Tarihin Kalbinde Yaşayıp da Tarihsizleşmek: Kültürel Mirasımıza Sessiz İhanet

26 Görüntüleme
4 Dak. Okuma

Dünya üzerindeki en kadim medeniyetlerin doğup büyüdüğü, çağlara yön vermiş imparatorlukların hüküm sürdüğü, uygarlıkların kesişim noktası olan bir coğrafyada yaşıyoruz. Anadolu; Hitit’ten Urartu’ya, Roma’dan Bizans’a, Selçuklu’dan Osmanlı’ya kadar sayısız medeniyeti bağrında barındırmış kutsal bir toprak parçasıdır. Ancak ne acıdır ki bu zengin mirasın farkında olanlarımız azınlıkta. Gözümüzün önündeki değerleri göremiyor, koruyamıyor ve yaşatamıyoruz. En kötüsü de, bu tarihi hazineleri ekonomik kalkınmaya dönüştürebilecek potansiyelin farkında bile değiliz.

Tarih Sahnesinin Sessiz Tanıkları

Ülkemizin her köşesi adeta bir açık hava müzesi. Bunların sadece bir kısmını sıralamak bile bu toprakların ağırlığını hissettirir:

  • İstanbul: Sadece Roma, Bizans ve Osmanlı’nın başkentliğini yapmış bir şehir olması bile başlı başına yeterli bir gerekçe.

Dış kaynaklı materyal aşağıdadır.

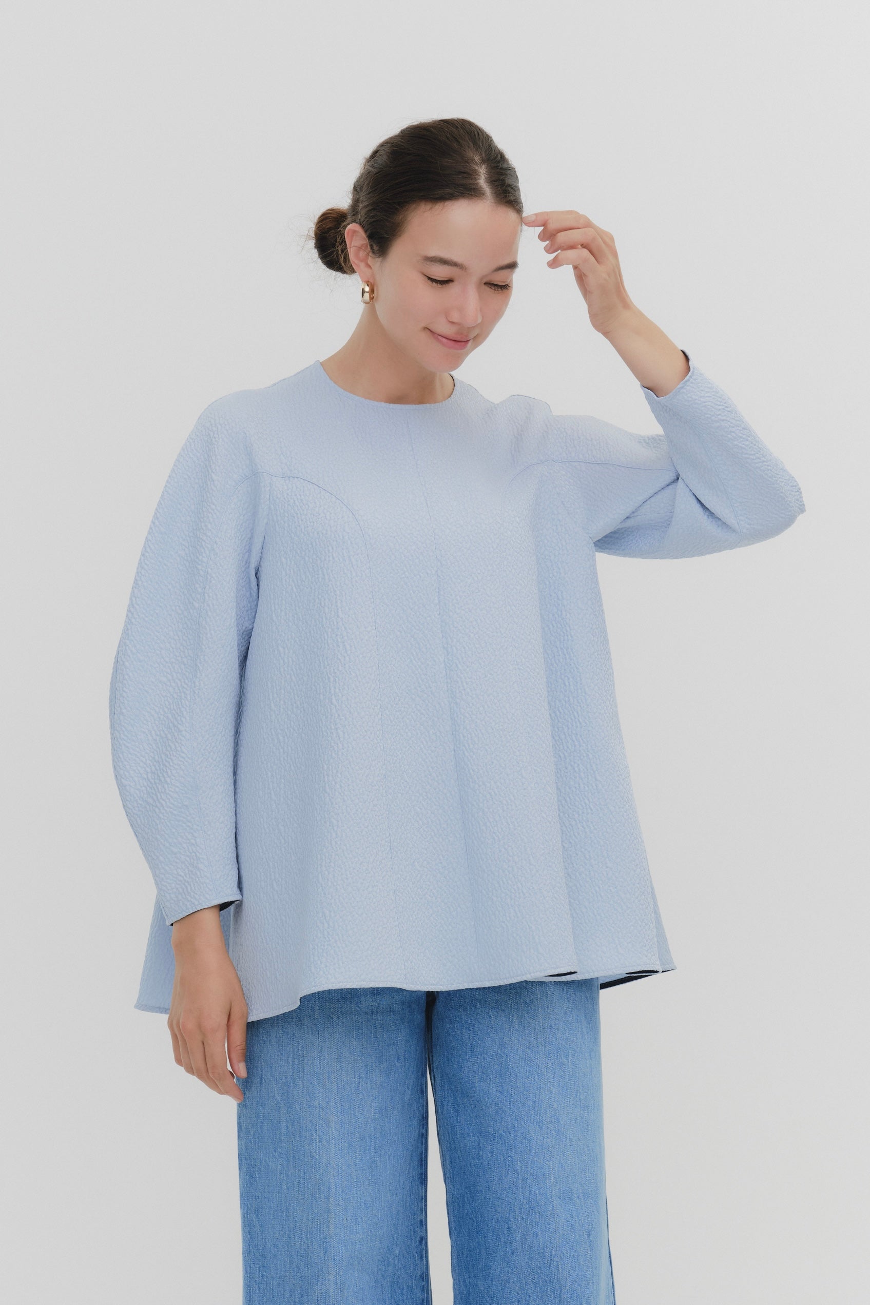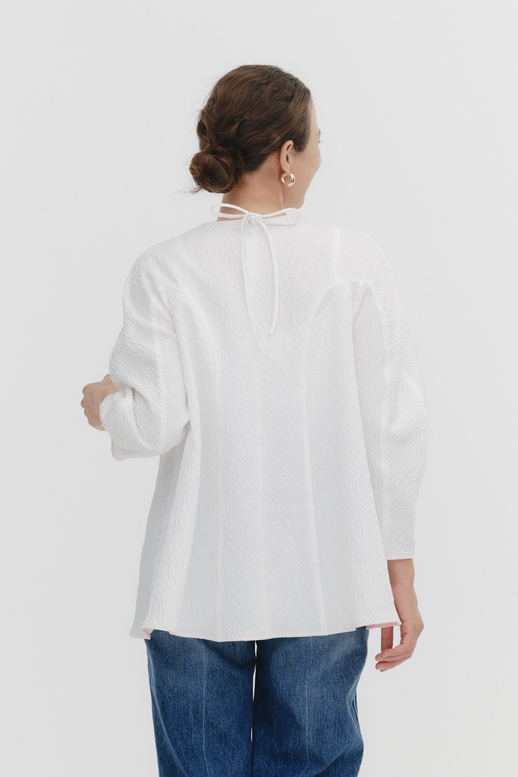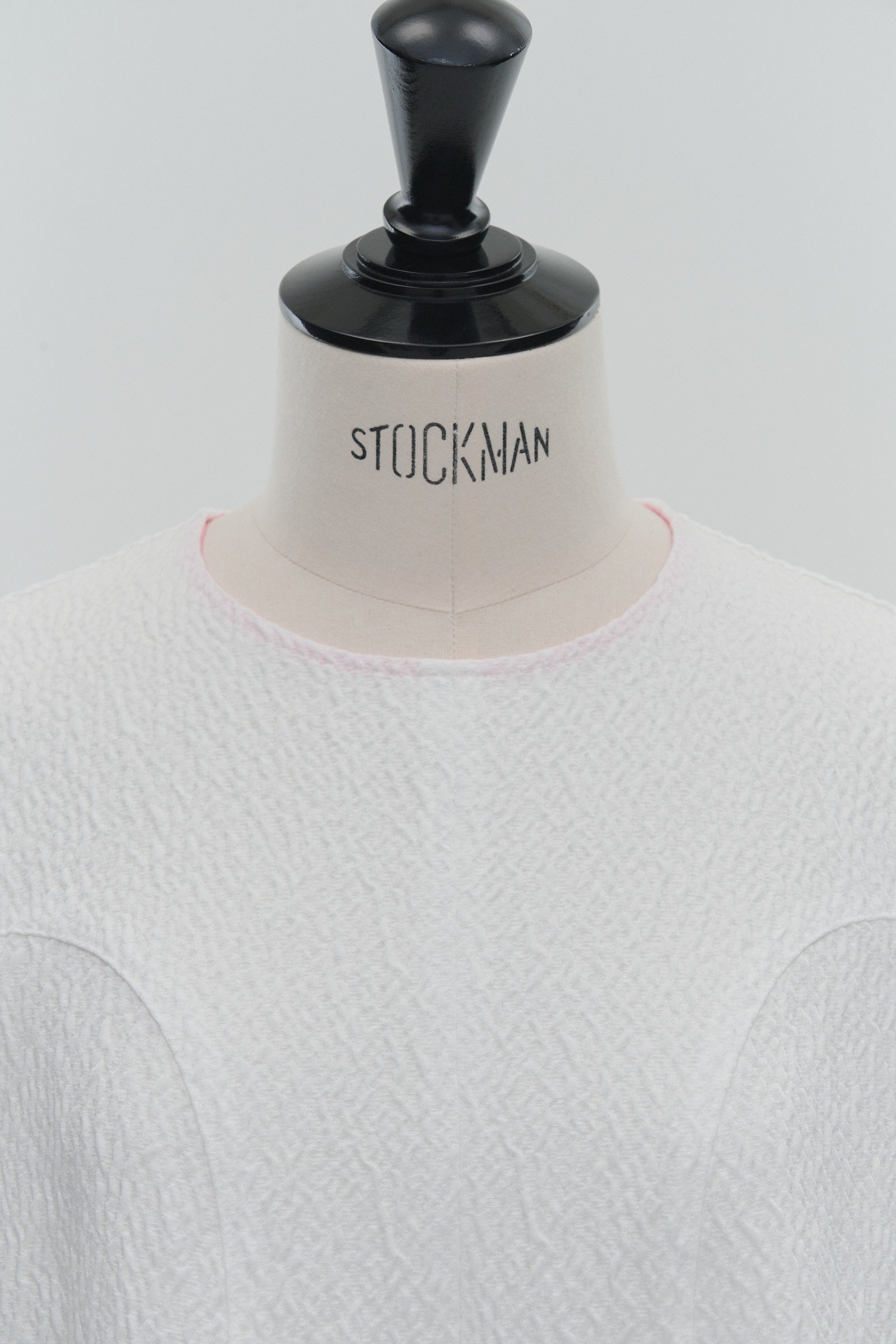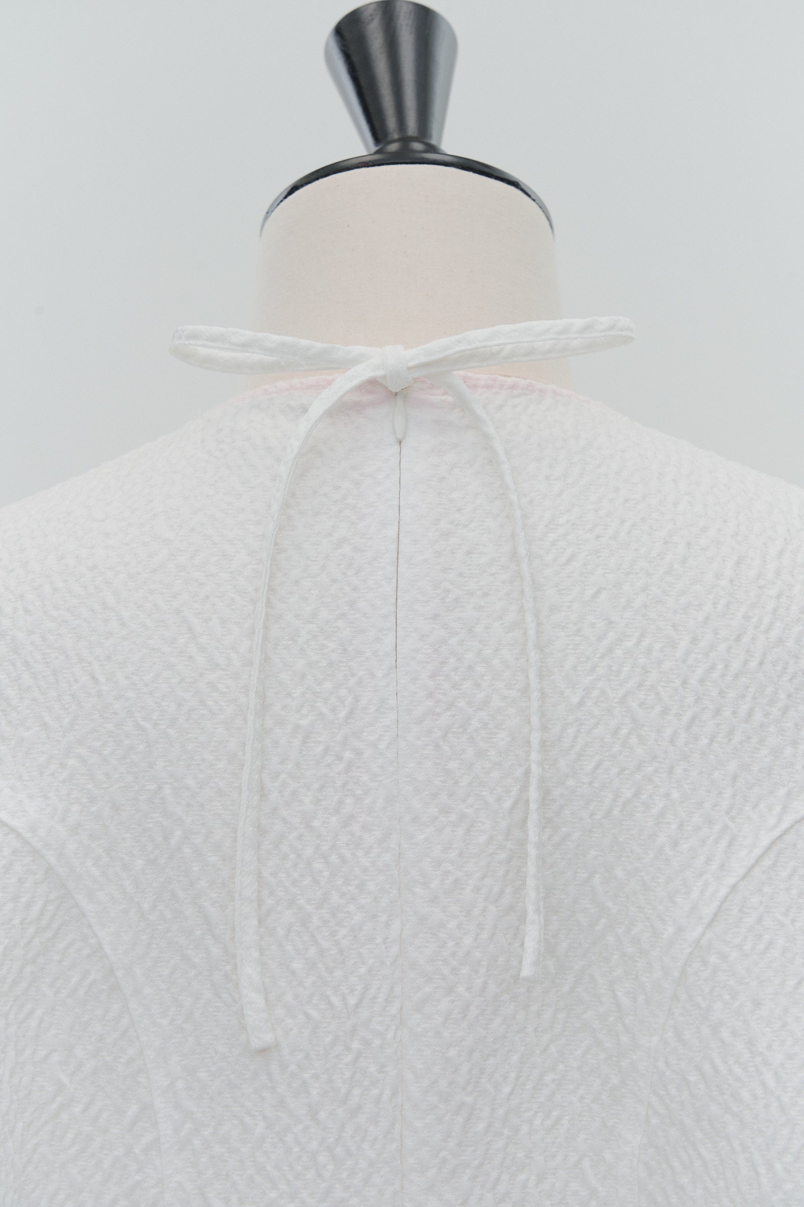 The textured jacquard fabric features a subtle elegance and refined expression. Its lightweight feel and textured material make it perfect for spring and summer, offering a smooth and pleasant touch. The top boasts a gently rounded neckline and an A-line silhouette that flares gracefully toward the hem, achieving an elegant and sophisticated balance. A unique design detail is the curved seam lines that flow from the sleeve ends to the hem, creating a circular effect. The accents of color visible at the neckline, cuffs, and hem add a charming touch when in motion. For the sheer white option, a pink lining is added, while the opaque blue features a navy lining.

Ayasofya, Topkapı Sarayı, Yerebatan Sarnıcı, Galata Kulesi, Boğaziçi… Her biri dünya mirası seviyesinde.
  • Efes Antik Kenti (İzmir): Antik dünyanın en önemli ticaret merkezlerinden biri, Artemis Tapınağı gibi dünya harikalarına ev sahipliği yapmış bir şehir.
  • Göbekli Tepe (Şanlıurfa): İnsanlık tarihinin bilinen en eski ibadet merkezi. 12 bin yıllık geçmişiyle tarihin yeniden yazılmasına neden oldu.
  • Kapadokya (Nevşehir): Eşi benzeri olmayan peri bacaları, yer altı şehirleri ve kaya oyma kiliseleriyle doğa ve tarihin buluştuğu bir mucize.
  • Nemrut Dağı (Adıyaman): Kommagene Krallığı’na ait devasa heykeller, 2000 metrelik zirvede güneşin doğuşuyla birlikte insanı büyüler.
  • Safranbolu, Mardin, Amasya, Bergama, Sümela Manastırı, Truva, Anı Harabeleri ve daha niceleri…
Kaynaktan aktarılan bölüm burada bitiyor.